Against the Ideology of Connection

In contemporary cultural discourse, ‘connection’ is often presented as an unquestioned good. This intervention questions that assumption.

Prompted by cultural programming that foregrounds ‘connection’ as a response to contemporary crises, and by the uncritical endorsement of this notion in public debate. This text forms part of a broader intervention that will be further developed.

In recent years, “connection” has become a central term in cultural and political discourse. It is invoked as a remedy against fragmentation, polarization, and social anxiety. Culture, in particular, is increasingly called upon to “connect”.

This appeal appears self-evident. Yet it rests on an unexamined assumption: that connection is inherently emancipatory. This intervention challenges that assumption.

Not all forms of connection are politically neutral. On the contrary, connection can function as a powerful mechanism of alignment, normalization, and control. It can suppress conflict by framing disagreement as a failure of relation rather than as a structural or political antagonism.

Historically, reactionary and fascist movements have demonstrated a remarkable capacity to produce intense forms of collective attachment. They do not lack connection; they mobilize it. The problem is therefore not the absence of connection, but the forms it takes and the structures it reinforces.

When culture defines its role in terms of connection, it risks displacing conflict instead of articulating it. It risks transforming political contradictions into interpersonal deficits, and structural tensions into communicative problems.
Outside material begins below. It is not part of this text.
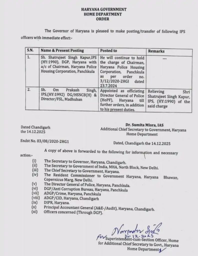 Chandigarh, 16 दिसंबर: हरियाणा सरकार के गृह विभाग की अतिरिक्त मुख्य सचिव (ACS) डॉ. सुमिता मिश्रा द्वारा जारी आदेश में प्रदेश के निवर्तमान DGP (प्रदेश पुलिस फोर्स प्रमुख) शत्रुजीत कपूर जो पिछले दो माह अवकाश पर रहे, उन्हें ताजा तैनाती हरियाणा पुलिस हाउसिंग कारपोरेशन के चेयरमैन के तौर पर दी गई है। जबकि गत् दो माह से प्रदेश के कार्यवाहक DGP ओपी सिंह जिनके पास हालांकि मुख्य चार्ज हरियाणा स्टेट नारकोटिक्स कण्ट्रोल ब्यूरो के महानिदेशक और डायरेक्टर FSL का है, आगामी आदेशों तक कार्यवाहक DGP बने रहेंगे। वैसे ओपी सिंह की IPS से रिटायरमेंट इसी IPS से सेवानिवृत्त होंगे।

A critical practice cannot be grounded in connection alone. It must be able to sustain disjunction, disagreement, and forms of non-relation. It must recognize that not everything can, or should, be reconciled.

Connection is not a solution in itself. It is a form that can either reproduce or contest existing structures of power. To treat it as an unquestioned good is to abandon critique at the very moment it is most needed.

This text marks a first articulation of a position that will be developed in subsequent interventions.